Because we inhabit time as well as space, the constant flow of change occurring on the threshold between ‘inside’ and ‘outside’ cause tension and necessitates an on-going effort toward selflocation—an effort I refer to as homing. Within the idea of homing are notions of navigation and return, an emphasis on a process rather than a destination, as well as the emotional weight contained in the desire for home. The materials I use reference veils, skins, layers, and screens, all of which pertain to access and containment. Light and video imbue the work with ephemerality and time, a metaphorical reference to our embodied consciousness. The tone is often quiet, evoking simultaneous senses of space and compression, and alternating between serenity and anxiety.

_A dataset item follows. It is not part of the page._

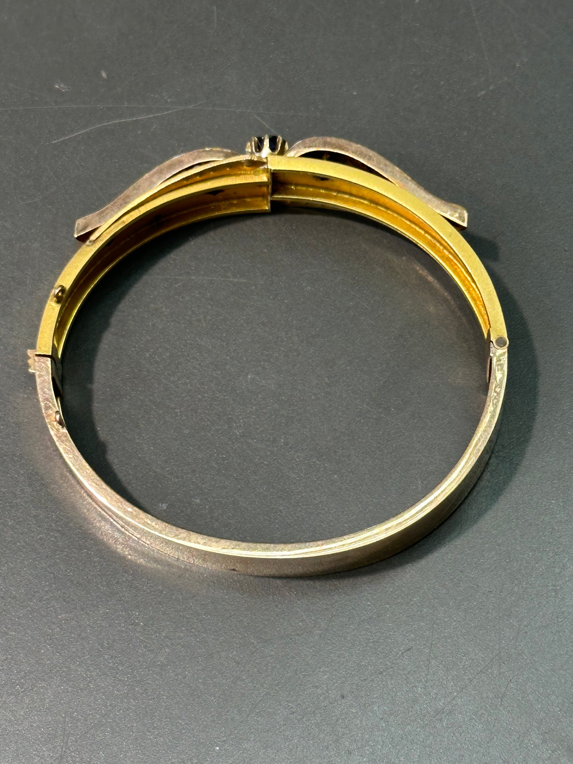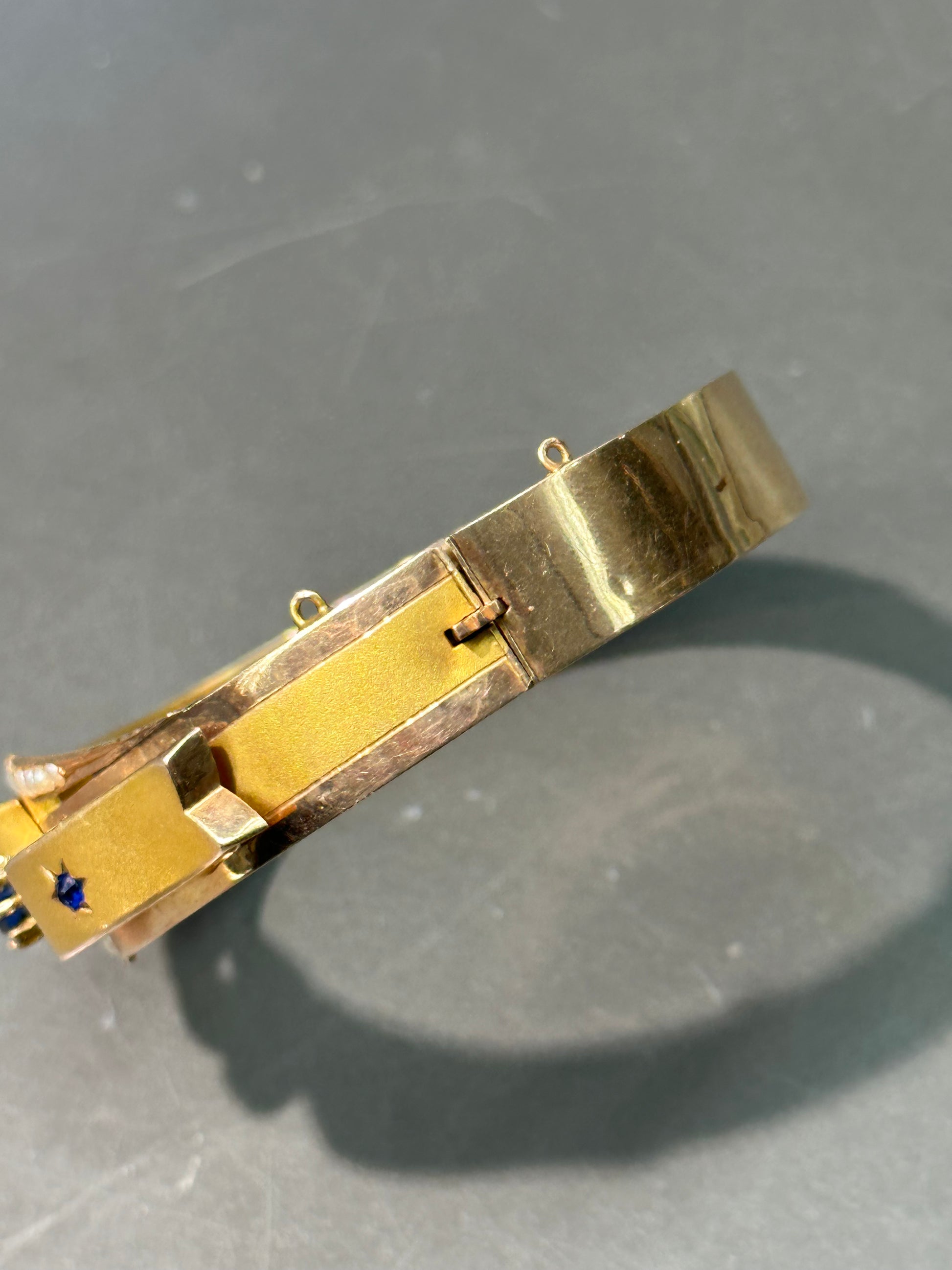 这款维多利亚时代的手链为您的手腕增添永恒的气息。采用 14K 黄金制成,有两种不同的黄金饰面。镶嵌着排列成复杂星形图案的皇家蓝宝石和小珍珠。这款精美的作品散发着独特的光彩,一定会吸引所有人的目光。

The idea of inhabitation implies container and contained, an interior and exterior. Drawing on my own experience, along with concepts from phenomenology and cognitive science, I propose that the inhabitant-environment relationship is reciprocally creative, porous, and ultimately inextricable one from the other. Perception and understanding arise from the particularities of our bodily constructs and are fully integrated with our emotional selves and our imagination, challenging the dualistic division between ‘mind’ and ‘matter’. It is just such divisions that I seek to complicate.2
By creating work that heightens awareness, engenders an increased sensitivity to self and environment, and engages our whole-body perceptual capabilities, I hope to increase a sense of conscious investment in this ongoing process of homing. Notes 1.
Maurice Merleau-Ponty, The Phenomenology of Perception, trans. Colin Smith, London: Routledge and Kegan Paul, 1962, 407.
2. Lakoff, George, and Mark Johnson. Philosophy in the Flesh: The Embodied Mind and its Challenge to Western Thought. New York: Basic Books, 1999, 4.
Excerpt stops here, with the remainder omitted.